15-10 tapered gives quite nice speeds and these bands are again made for comfy target shooting and not maxspeeds.


----------



## The Norseman (Mar 5, 2018)

Nice video! That was really interesting, I thought that the new yellow bands would have made more of a difference.


----------



## skropi (Mar 22, 2018)

Yeah! That's my favourite taper with 1mm gzk too!


----------



## Tag (Jun 11, 2014)

Cool video


----------



## Kalevala (Jul 20, 2014)

Thank



The Norseman said:


> Nice video! That was really interesting, I thought that the new yellow bands would have made more of a difference.


Thanks The Norseman :thumbsup:

These bands offers more speed than is seen in this video, because elongation %. Orange 450% and White 480%.


----------



## Kalevala (Jul 20, 2014)

skropi said:


> Yeah! That's my favourite taper with 1mm gzk too!


 :headbang:

Could be fun try if speed change much when adding width 2-3 mm.


----------



## Kalevala (Jul 20, 2014)

Tag said:


> Cool video


Thanks Tag


----------



## skropi (Mar 22, 2018)

Kalevala said:


> skropi said:
> 
> 
> > Yeah! That's my favourite taper with 1mm gzk too!
> ...


I think this will give an uncomfortable draw though. 
I guess that your favourite 0.72 is the best for 9.5mm ammo.

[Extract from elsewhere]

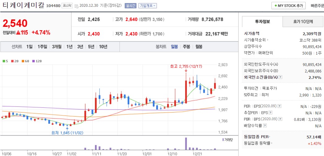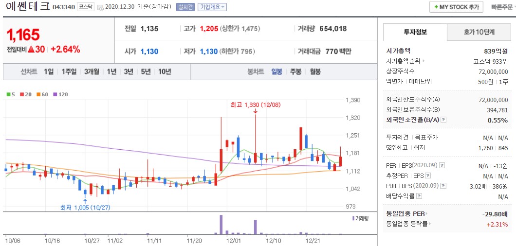 2020.11.30 - [특징주]에쎈테크, 콜드체인 관련 밸브 생산 소식에 강세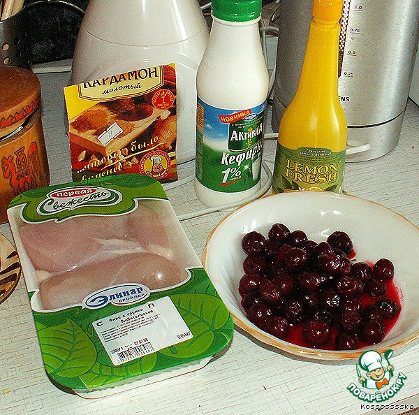Филе у меня было свежее и молодое, маринад впитало буквально сразу. Немного тепловой обработки в вишневом соке с кефиром – и она тает во рту. А кусочки вишни в соусе придают особый шарм и вкус. Получилось очень душисто и очень нежно. Да и выглядит необычно…

Already ordered some to try out.


----------



## Pebble Shooter (Mar 29, 2014)

For target practice at around 10 meters, I cut GZK 0.8 mm yellow to 19 cm length with a 20 mm to 10 mm taper for a cheekbone-based anchor point, and use 8.5 to 9 mm steel ammo.

Sufficient power, good (not measured) velocity, and the bands last a long time (close to 200 shots with the Dankung "Toucan"), which is OK in my opinion.


----------



## skropi (Mar 22, 2018)

Pebble Shooter said:


> For target practice at around 10 meters, I cut GZK 0.8 mm yellow to 19 cm length with a 20 mm to 10 mm taper for a cheekbone-based anchor point, and use 8.5 to 9 mm steel ammo.
> 
> Sufficient power, good (not measured) velocity, and the bands last a long time (close to 200 shots with the Dankung "Toucan"), which is OK in my opinion.


200 hundred shots is extremely low for me, as I would need to re-band daily. 
I don't understand why you use such a long active length though. I use 18cm when shooting half butterfly, and when shooting fixed anchor I use 16cm. I use less drastic tapers though, so band life is good.


----------



## Pebble Shooter (Mar 29, 2014)

I found that a 18 to 19 cm total length with thicker band rubber (0.72 to 0.80 mm) works out well for me in terms of the draw length i.e. the bone knuckle touching the cheekbone in full draw, particularly with the "Toucan".

My active band length is actually closer to 16 cm too (pouch wrap & tuck and the "Toucan" clamps use the rest)

That 18 cm total length would indeed be perfect for the half butterfly shooting style with thinner rubber i.e. something like 0.40 or 0.50 mm thickness, or Theraband blue to name a specific brand.


----------



## skropi (Mar 22, 2018)

Pebble Shooter said:


> I found that a 18 to 19 cm total length with thicker band rubber (0.72 to 0.80 mm) works out well for me in terms of the draw length i.e. the bone knuckle touching the cheekbone in full draw, particularly with the "Toucan".
> 
> My active band length is actually closer to 16 cm too (pouch wrap & tuck and the "Toucan" clamps use the rest)
> 
> That 18 cm total length would indeed be perfect for the half butterfly shooting style with thinner rubber i.e. something like 0.40 or 0.50 mm thickness, or Theraband blue to name a specific brand.


Oh, my mistake, you said total length and I thought active. Thanks for clarifying. 
Yep, we are shooting the same length elastic. 
Still, you are shooting way more rubber than I am, you must get very good speeds with 20/10!


----------